Another is the fact that none of the major parties are willing to try and stand up for civil liberties. The state of civil liberties in the UK country terrifies me. It seems to largely be based around “If you have nothing to hide, you’ve nothing to fear” which is a frankly terrible way to run a country. Watching both Labour and the Conservatives tweak the law further and further towards a near totalitarian monitoring of every individual is deeply scary. As someone who suffered the government’s censorship of the existence of LGBTQ people as a child, who truly felt for much of their childhood that they had something to hide. A person that was disturbed by knowing that they weren’t like everyone else, and that the government had said they were bad.
Perhaps that gives you a different perspective.
And then there’s fracking. This is a little island, and it won’t take much to fuck it up completely. Unlike much of the rest of the world we seem to be hellbent on fracking. And burying nuclear waste under an area of outstanding natural beauty. And building more nuclear power stations rather than trying to switch to any kind of sustainable future. And cutting green energy investment for no readily apparent reason (other than that some slimy politician wants a few extra quid for a few extra years).
And y’know what, I can’t deal with it anymore.

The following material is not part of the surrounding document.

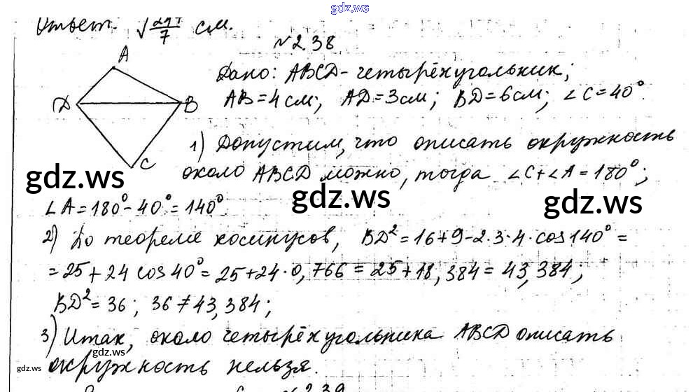 Готовый и полный ответ к §2 Глава 1. Решение треугольников - Геометрии 9 класс Мерзляк Учебник Углубленный уровень ФГОС

And that’s not even getting in to the way we’re treating people from countries where we committed acts so terrible the government here won’t even open the archives. Where the Empire imprisoned tens of thousands and tortured them. And we’re still standing in the way of getting any kind of reparations for the damage we did.
I can’t be in the UK any more.
So that’s why.
I don’t think America’s perfect, but it’s different. And it’s somewhere I don’t have the baggage of believing it to be my country, that should be the way I was brought up to believe it was.